Given points are $(a, 2,1)$ and $(1,-1,1)$.

$$\begin{array}{lr} \therefore & \sqrt{(a-1)^2+(2+1)^2+(1-1)^2}=5 \\ \Rightarrow & (a-1)^2+9+0=25 \\ \Rightarrow & a^2-2 a+1+9=25 \\ \Rightarrow & a^2-2 a-15=0 \\ \Rightarrow & a^2-5 a+3 a-15=0 \\ \Rightarrow & a(a-5)+3(a-5)=0 \\ \Rightarrow & (a-5)(a+3)=0 \\ \Rightarrow & a-5=0 \text { or } a+3=0 \\ \therefore & a=+5 \text { or }-3 \end{array}$$

Let the vertices of $\Delta A B C$ is $A\left(x_1, y_1, z_1\right), B\left(x_2, y_2, z_2\right)$ and $C\left(x_3, y_3, z_3\right)$.
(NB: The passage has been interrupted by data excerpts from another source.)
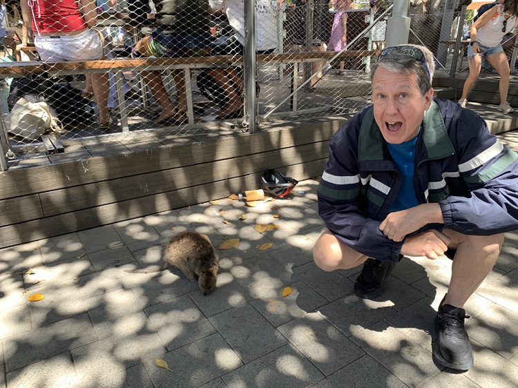 One day during our wonderful visit to Perth, we booked an excursion to Rottnest Island (Wadjemup), 18 km off the coast. It’s an 11 km-long, largely unspoiled island of pristine beaches, aquamarine bays, bike tracks, and walking trails. There are no cars, only a few tour buses and hundreds of bikes and e-bikes.
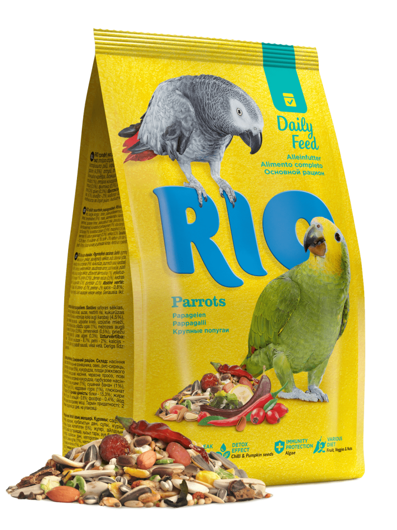 Ингредиенты: Семена сафлора, Сорго белое, Гречиха, Семена подсолнечника, Овес, Рис падди, Кукурузные хлопья, Канареечнное семя, Плоды шиповника, Кукуруза, Плоды рожкового дерева (кэроб), Пшеница, Полезные семена, Красное просо, Воздушная пшеница, Воздушный ячмень, Воздушная кукуруза, Семечки тыквенные, Рябина, сушеная, Банан сушеный, Сушеный перец, Арахис, Кедровый орех, Глюконат кальция, Водоросли, Полезные семена, Красное просо, Воздушная пшеница, Воздушный ячмень, Воздушная кукуруза, Семечки тыквенные, Рябина сушеная, Банан сушеный, Сушеный перец, Арахис, Кедровый орех, Глюконат кальция, Водоросли. Рекомендации по кормлению: Суточная норма: 40-50 г корма RIO для крупных попугаев. У птицы всегда должна быть свежая вода. В рацион необходимо включать свежие фрукты, овощи и Минеральную смесь RIO.
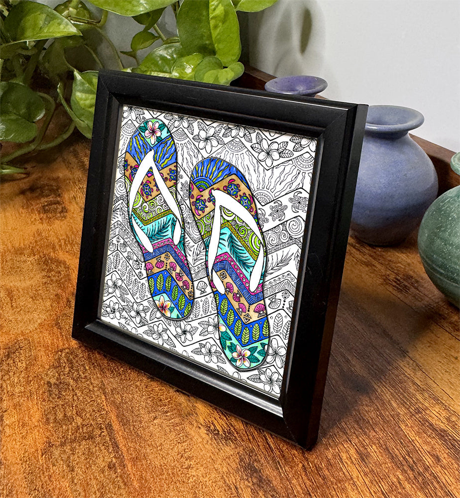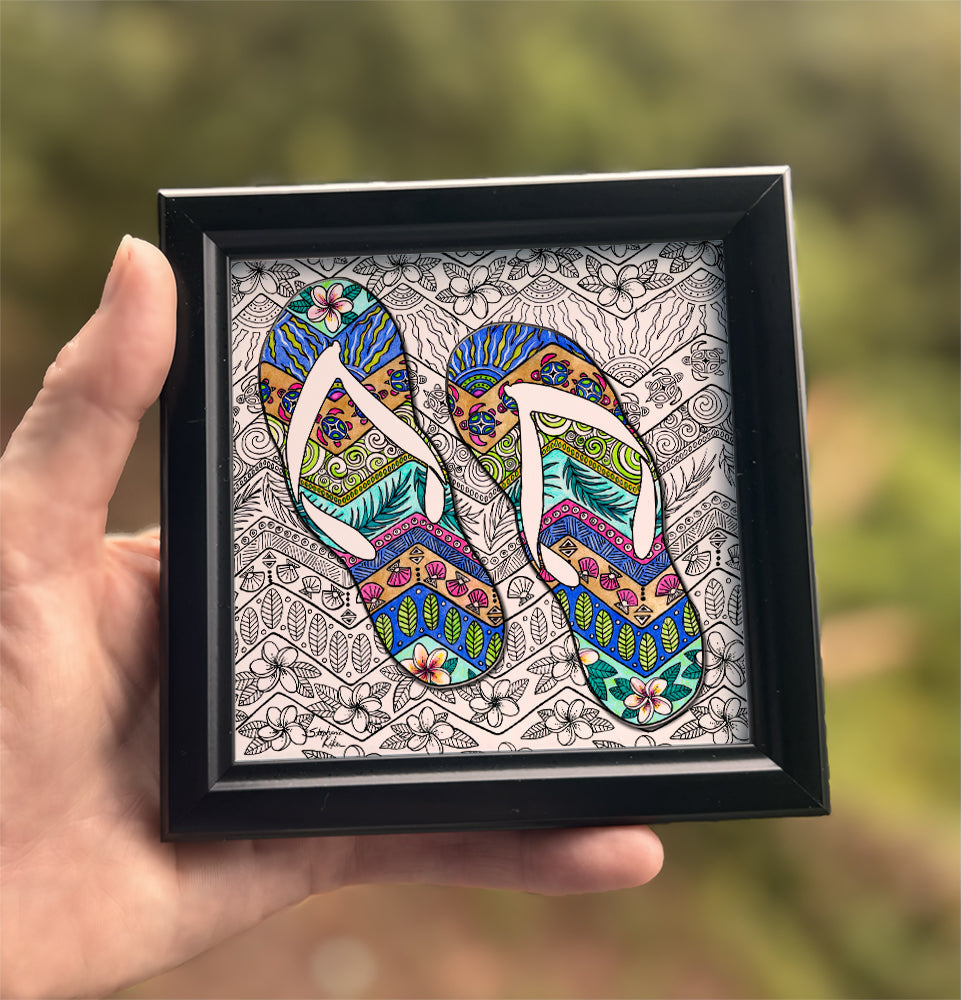 Small in size, big in charm! Each piece features Stephanie's vibrant colored pencil art — from sea turtles and lighthouses to coastal scenes — beautifully set in a sleek black frame. Perfect as a thoughtful gift, a desk accent, or a pop of color on a shelf, these mini artworks bring a touch of the coast into any space. Artwork is printed on special 4" x 4" MDF wood pieces with a gloss finish and framed. Frames have easels and hooks on the back for hanging too.
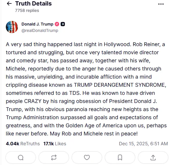 Reiner (RIP) was in advanced stages of TDS, even more than you.Even for Trump, this is shocking. The level of narcissism this man exhibits is borderline psychotic. I don't know how anyone in his family or inner circle can stand idly by while he does stuff like this.
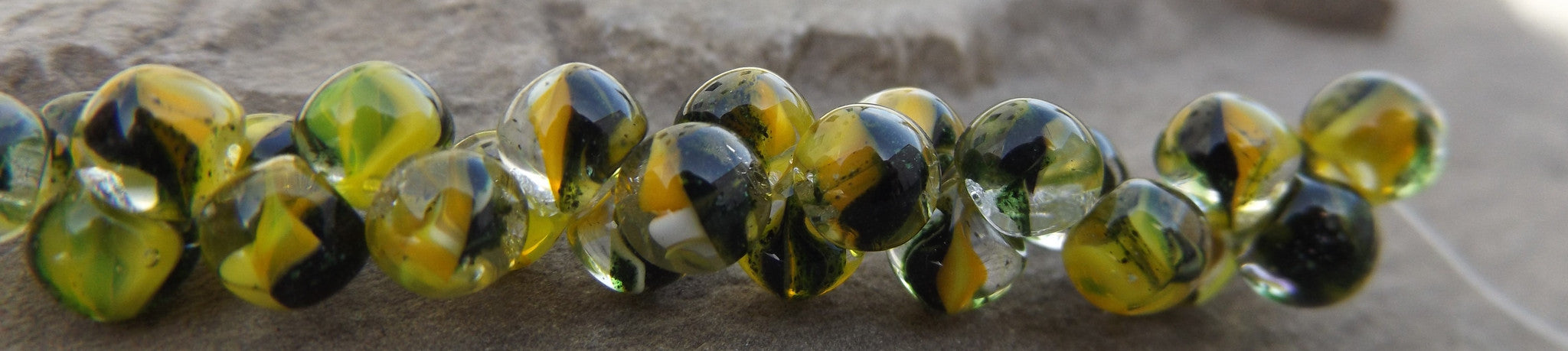 Czech Glass Pinch Beads (Yellow/Green and Black) 5 mm (approx 25 Beads)
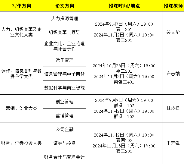 2.两次课程授课内容不同,同学需完整学习此次专业方向论文辅导的两次课程,此次为现场授课,不开设线上课程,无法参加现场授课的同学,需提前向中心请假(发送邮件至mba7@xmu.edu.cn,邮件中写明学号、所属班级、姓名、申请事由,若为出差,请附上出差相关证明)。
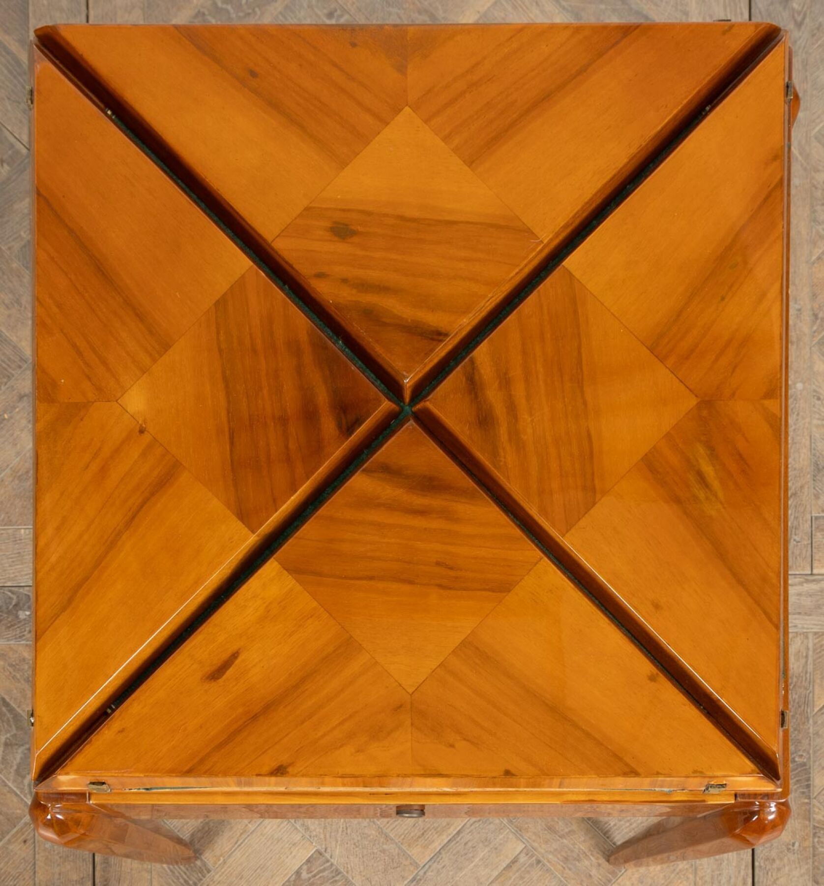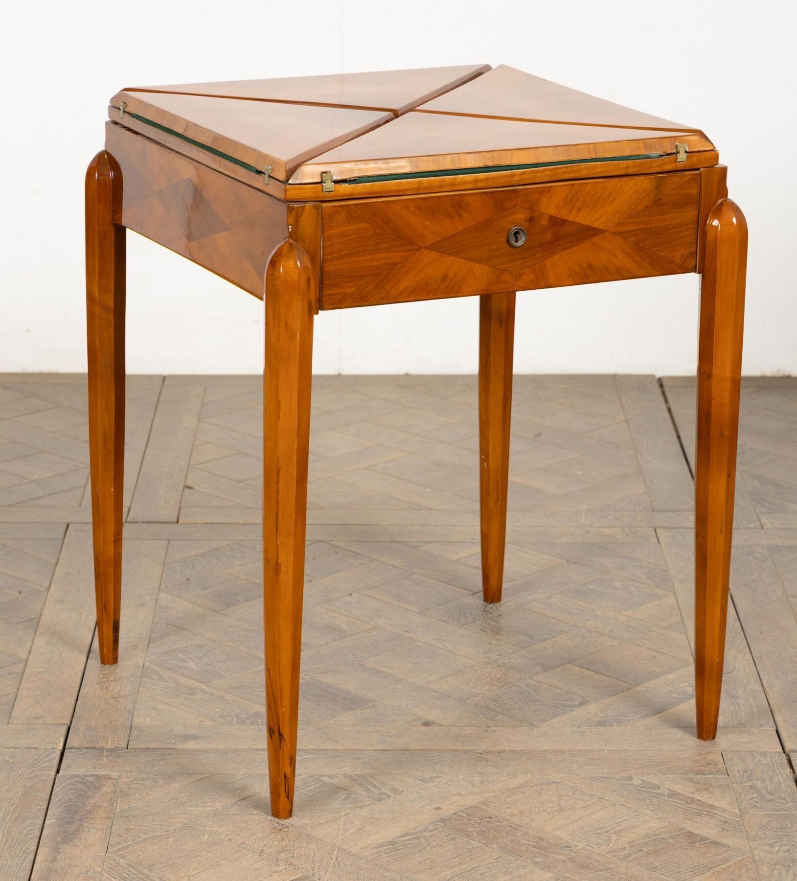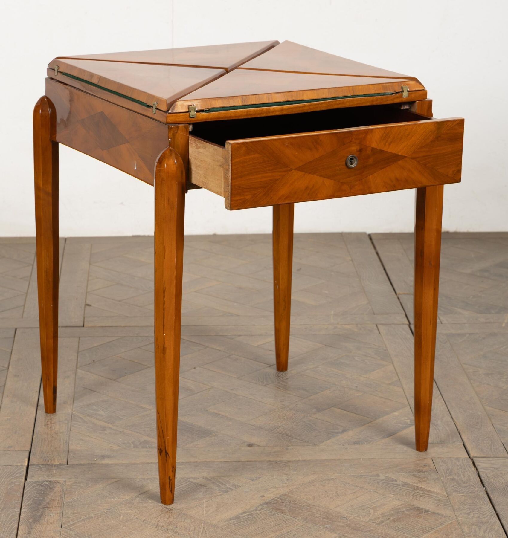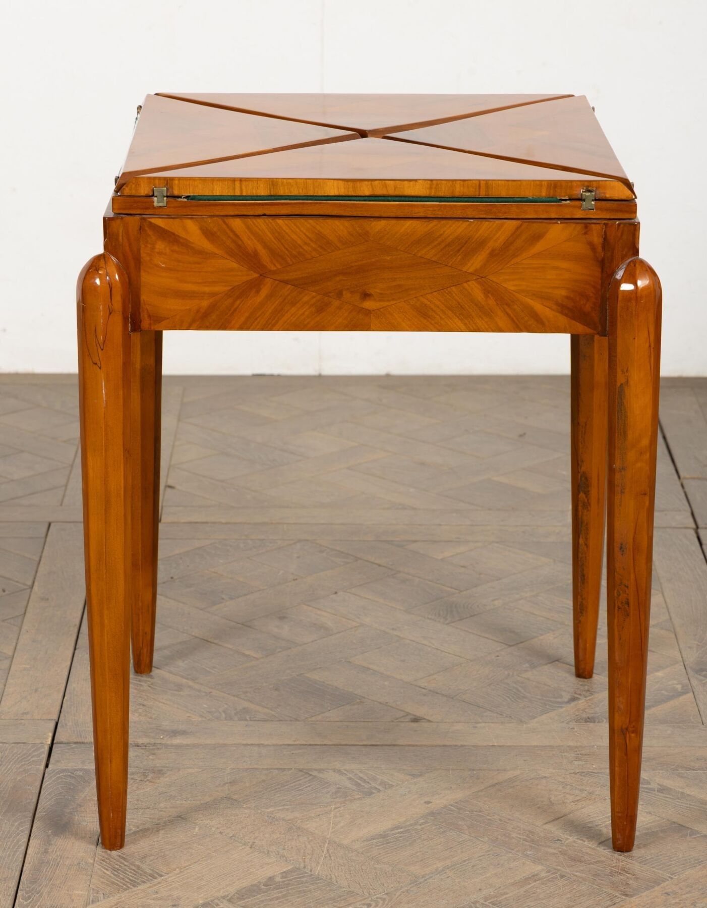 Table mouchoir en bois de placage, ouvrant à quatre plateaux de forme triangulaire.
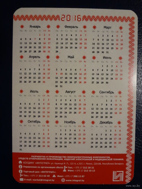 Календарик 2016 г. Интеграл. Традиции высоких технологий.
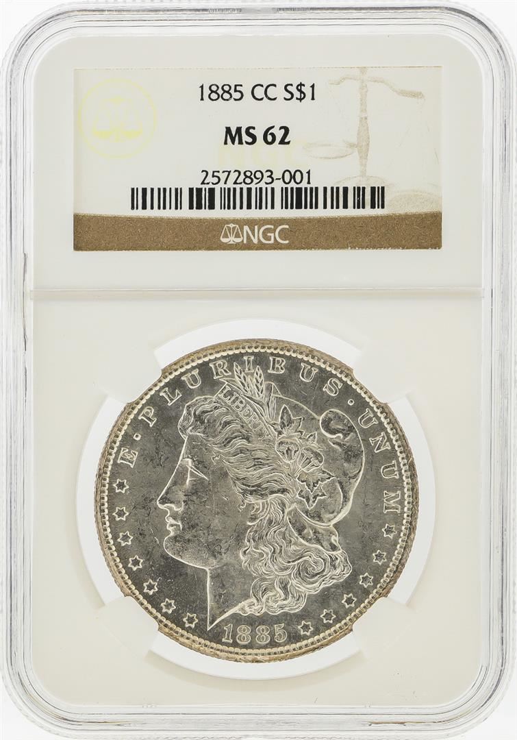 One 1885-CC $1 Morgan Silver Dollar NGC Graded MS62. NGC Certified.

$$\begin{aligned} &\text { Since, } D \text { is the mid-point of } A B \text {, then }\\ &\begin{aligned} & \frac{x_1+x_2}{2}=1 \Rightarrow x_1+x_2=2 \quad \text{.... (i)}\\ & \frac{y_1+y_2}{2}=2 \Rightarrow y_1+y_2=4 \quad \text{.... (ii)}\\ & \frac{z_1+z_2}{2}=-3 \Rightarrow z_1+z_2=-6\quad \text{.... (iii)} \end{aligned} \end{aligned}$$

$$\begin{aligned} &\text { Similarly, } E \text { and } F \text { are the mid-points of sides } B C \text { and } A C \text {, respectively. }\\ &\begin{aligned} & \frac{x_2+x_3}{2}=3 \Rightarrow x_2+x_3=6 \quad \text{.... (iv)}\\ & \frac{y_2+y_3}{2}=0 \Rightarrow y_2+y_3=0 \quad \text{.... (v)}\\ & \frac{z_2+z_3}{2}=1 \Rightarrow z_2+z_3=2 \quad \text{.... (vi)}\\ & \frac{x_1+x_3}{2}=-1 \Rightarrow x_1+x_3=-2 \quad \text{.... (vii)}\\ & \frac{y_1+y_3}{2}=1 \Rightarrow y_1+y_3=2 \quad \text{.... (viii)}\\ & \frac{z_1+z_3}{2}=-4 \Rightarrow z_1+z_3=-8\quad \text{.... (ix)} \end{aligned} \end{aligned}$$

From Eqs. (i) and (iv), $x_1+2 x_2+x_3=8\quad \text{... (x)}$

From Eqs. (ii) and (v), $y_1+2 y_2+y_3=4\quad\text{.... (xi}$

From Eqs. (iii) and (vi), $z_1+2 z_2+z_3=-4\quad \text{.... (xi)}$

From Eqs. (vii) and (x), $2 x_2=10 \Rightarrow x_2=5$

$$\begin{array}{ll} \Rightarrow & x_2=5 \text {, then } x_3=1 \\ \text { If } x_3=1 \text {, then } x_1=-3 \\ \because \quad & x_1=-3, x_2=5, x_3=1 \end{array}$$

$$\begin{aligned} &\text { From Eqs. (viii) and (xi), }\\ &\begin{aligned} 2 y_2 & =2 \Rightarrow y_2=1 \\ \text{If}\quad y_2 & =1, \text { then } y_3=-1 \\ \text{If}\quad y_3 & =-1, \text { then } y_1=3 \\ \because \quad y_1 & =3, y_2=1, y_3=-1 \end{aligned} \end{aligned}$$

From Eqs (ix) and (xii),

$$\begin{aligned} 2 z_2 & =4 \Rightarrow z_2=2 \\ \text{if}\quad z_2 & =2, \text { then } z_3=0 \\ \text{if}\quad z_3 & =0, \text { then } z_1=-8 \\ \because\quad z_1 & =-8, z_2=2, z_3=0 \end{aligned}$$

So, the vertices of $\triangle A B C$ are $A(-3,3,-8), B(5,1,2)$ and $C(1,-1,0)$.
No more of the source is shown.